Abstract
Functional inactivation of tumor suppressor genes drives cancer initiation, progression, and treatment responses. Most tumor suppressor genes are inactivated through 1 of 2 well-characterized mechanisms: DNA-level mutations, such as point mutations or deletions, and promoter DNA hypermethylation. Here, we report a distinct third mechanism of tumor suppressor inactivation based on alterations to the histone rather than DNA code. We demonstrated that PAX2 is an endometrial tumor suppressor recurrently inactivated by a distinct epigenetic reprogramming event in more than 80% of human endometrial cancers.

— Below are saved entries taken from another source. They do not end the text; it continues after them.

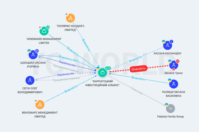 Структури Палиці поєднані також із компаніями, які раніше належали Тимуру Міндічу — співзасновнику студії «Квартал-95» та бізнес-партнеру Ігоря Коломойського.
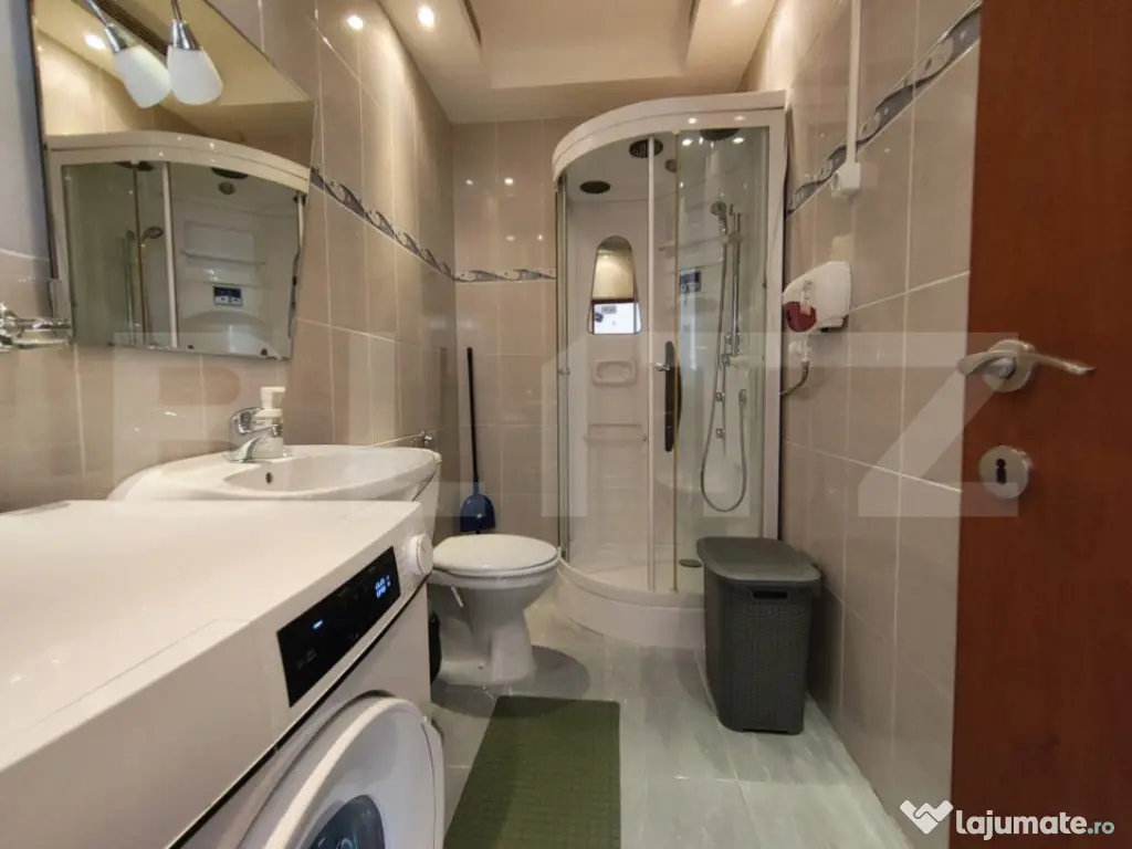 Zona este bine deservita de facilitati: magazin NON-STOP chiar la parterul blocului, statie de tramvai, brutarie, parc, case de schimb valutar si autoservire. Parcarea se face la liber, cu numeroase locuri disponibile in zona.
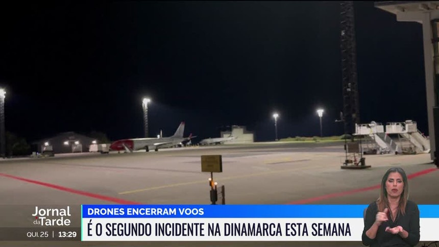 O aeroporto de Billund, o segundo maior da Dinamarca, esteve encerrado durante uma hora, e o de Aalborg, utilizado para voos comerciais e militares, esteve encerrado durante três horas devido a incursões de drones na noite de quarta-feira, revelou a polícia dinamarquesa.
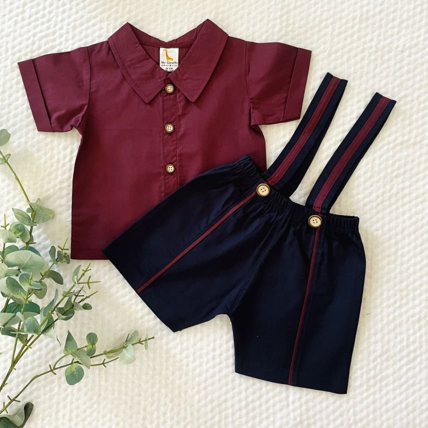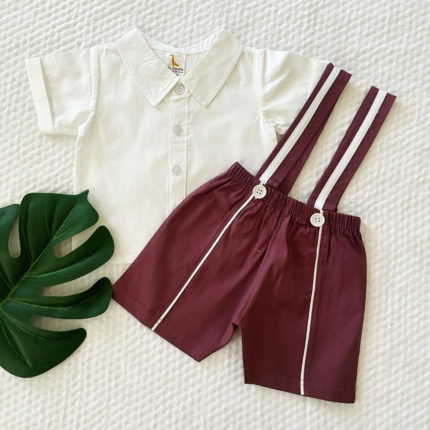 Introducing our stylish collared shirt crafted from premium poplin and twill fabrics, designed with the utmost comfort and style in mind for your baby boy. This charming shirt features a classic collar, adding a touch of sophistication to any outfit. The contrasting piping on the suspenders adds a playful and unique twist, perfect for any special occasion or casual outing. Made with high-quality materials, our suspender with piping ensures durability and a secure fit, allowing your little one to move freely and comfortably. Whether it’s a family gathering or a day out, your baby boy will look adorable and fashion-forward in this versatile ensemble.
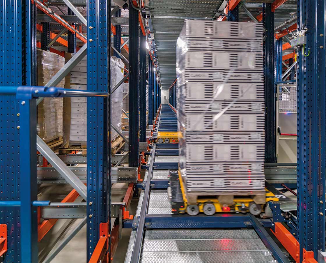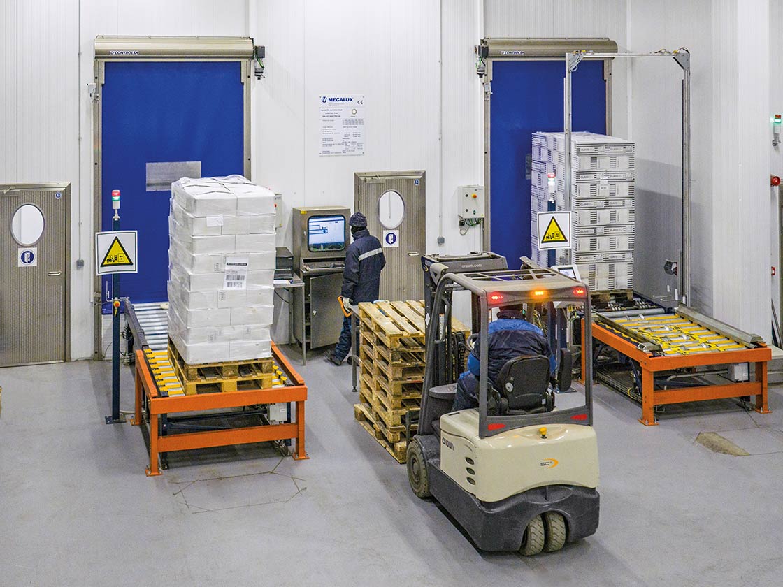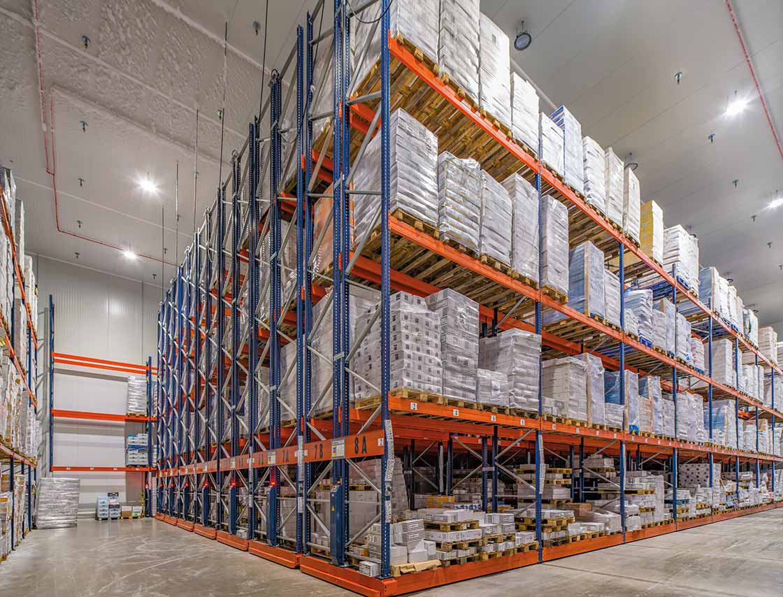 Automatyczny Pallet Shuttle 3D umożliwia składowanie 5827 palet z surowcami i gotowymi produktami w temperaturze wynoszącej -24ºC. Wewnątrz magazynu dziesięć autonomicznych wózków Pallet Shuttle przemieszcza się po korytarzach w wielu kierunkach i w sposób skoordynowany zmienia poziomy, aby obsłużyć każdą paletę zgodnie z wymogami operacyjnymi. System zarządzania flotą opracowany przez Mecalux monitoruje ruch wózków, co gwarantuje ciągłą i płynną pracę.
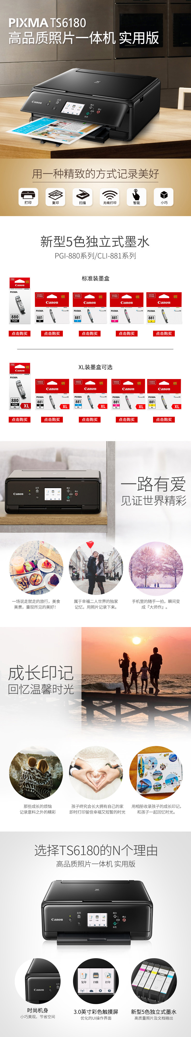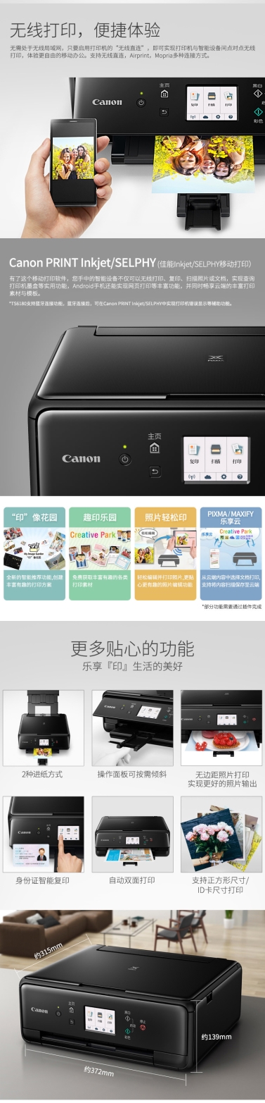 • 商品名称:佳能 CANON TS6180(自动双面打印/100页/彩色喷墨)多功能一体机
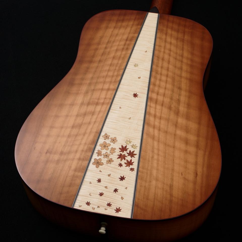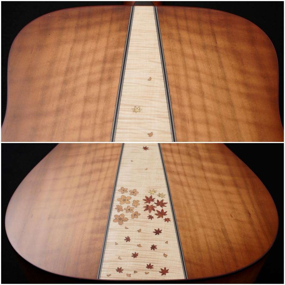 ピックガードには桜の花びらを模し、秋へと移ろう色彩を表現するためにべっ甲素材を使用。
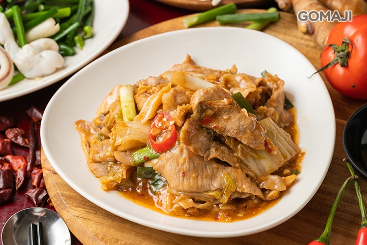 將辛辣酸爽的泡菜入味至上好極嫩的松阪肉中烹炒,透過主廚獨到的火侯、精湛的炒功,將豬肉的鮮甜以及泡菜箇中特別的酸甜勁辣完美提出,製成一道香氣撲鼻、鮮甜清爽的絕品佳餚,彈牙萬分的松阪肉,均勻吸附著泡菜的精華,每一次咀嚼,都在口中綻放酸而不嗆、香辣不麻的滋味,讓人食指大動,忍不住大口扒飯~
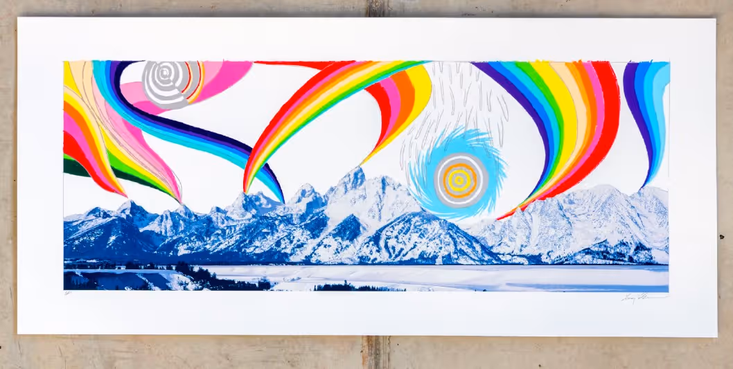 Liz Collins. Rainbow Mountains (Original), 2025. Screenprint. 14 Β½ x 32 in. Printed and published by Powerhouse Arts Printshop.

Integrative transcriptomic, epigenomic, 3D genomic, and machine learning analyses showed that PAX2 transcriptional downregulation is associated with replacement of open/active chromatin features (H3K27ac/H3K4me3) with inaccessible/repressive chromatin features (H3K27me3) in a framework dictated by 3D genome organization. The spread of the repressive H3K27me3 signal resembled a pearl necklace, with its length modulated by cohesin loops, thereby preventing transcriptional dysregulation of neighboring genes. This mechanism, involving the loss of a promoter-proximal superenhancer, was shown to underlie transcriptional silencing of PAX2 in human endometrial cancers. Mouse and human preclinical models established PAX2 as a potent endometrial tumor suppressor. Functionally, PAX2 loss promoted endometrial carcinogenesis by rewiring the transcriptional landscape via global enhancer reprogramming. The discovery that most endometrial cancers originate from a recurring epigenetic alteration carries profound implications for their diagnosis and treatment.
Keywords:
Mouse models; Obstetrics/gynecology; Oncology; Reproductive biology; Tumor suppressors.